### DATA SHOWN
=== Begin Enclosure ===

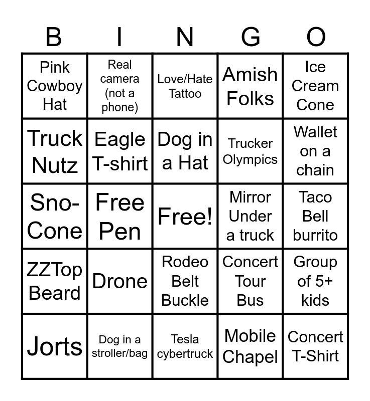 This bingo card has a free space and 35 words: Yosemite Sam, Boots & Shorts, Jamboree T-shirt (non staff), Eagle T-shirt, Rodeo Belt Buckle, Amish Folks, Truck Nutz, Chihuahua, Dog in a Hat, Pork Chop, Sno-Cone, Ice Cream Cone, Brand Mascot, Bulldog, Pink Cowboy Hat, Mirror Under a truck, Mobile Chapel, Free Pen, ZZTop Beard, Concert T-Shirt, Concert Tour Bus, Jorts, Group of 5+ kids, Dog in a stroller/bag, Love/Hate Tattoo, Wallet on a chain, The Horse Truck, Fireworks, Trucker Olympics, Taco Bell burrito, Hawkeye hat (on a person), Tesla cybertruck, Drone, Real camera (not a phone) and News station.
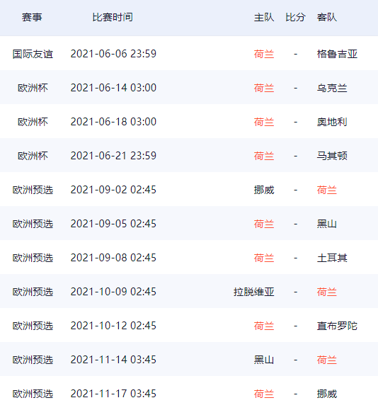 荷兰队欧洲杯26人球员大名单及赛程一览
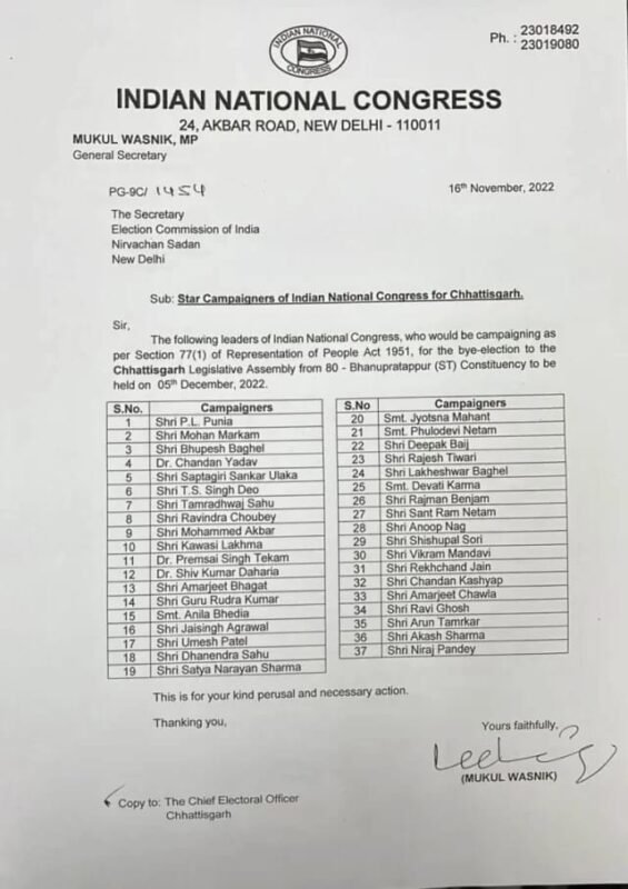 कांग्रेस की स्टार प्रचारकों की सूची में भूपेश बघेल, मोहन मरकाम, प्रभारी महामंत्री अमरजीत चावला समेत टीएस सिंहदेव का नाम सहित 37 स्टार प्रचारकों ने नाम शामिल है। एआईसीसी ने लिस्ट जारी की।
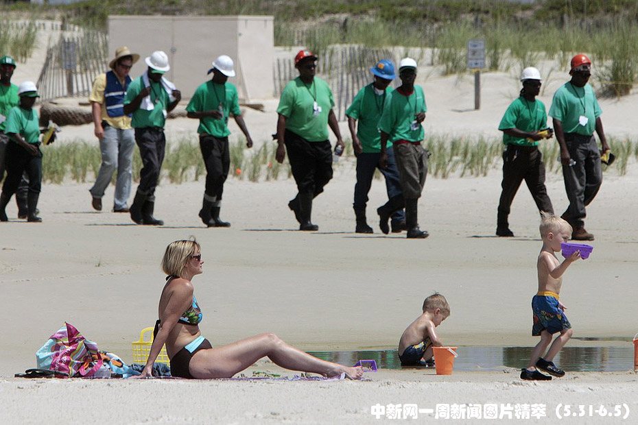 周二(1日),美國阿拉巴馬州海岸,人們?cè)诤_厱裉,石油工人在后面走過。墨西哥灣漏油事件已經(jīng)開始影響到該地區(qū)的旅游。
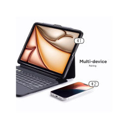 Samotný kryt je vytvořen z odolného polykarbonátu, jeho hrany jsou pogumované a rohy opatřené bumperem, kombinace těchto prvků se pyšní drop testem, který deklaruje ochranu při pádech z výšky až dvou metrů. S klávesnicí můžete spárovat až dvě zařízení současně a snadno mezi nimi přepínat.

=== End Enclosure ===

All that should be printed is the run of lines above from the one with "荷兰队欧洲杯26人球员大名单及赛程一览" through the one with "周二(1日),美國阿拉巴馬州", both included, exactly as given, with pictures left out.

 荷兰队欧洲杯26人球员大名单及赛程一览
 कांग्रेस की स्टार प्रचारकों की सूची में भूपेश बघेल, मोहन मरकाम, प्रभारी महामंत्री अमरजीत चावला समेत टीएस सिंहदेव का नाम सहित 37 स्टार प्रचारकों ने नाम शामिल है। एआईसीसी ने लिस्ट जारी की।
 周二(1日),美國阿拉巴馬州海岸,人們?cè)诤_厱裉,石油工人在后面走過。墨西哥灣漏油事件已經(jīng)開始影響到該地區(qū)的旅游。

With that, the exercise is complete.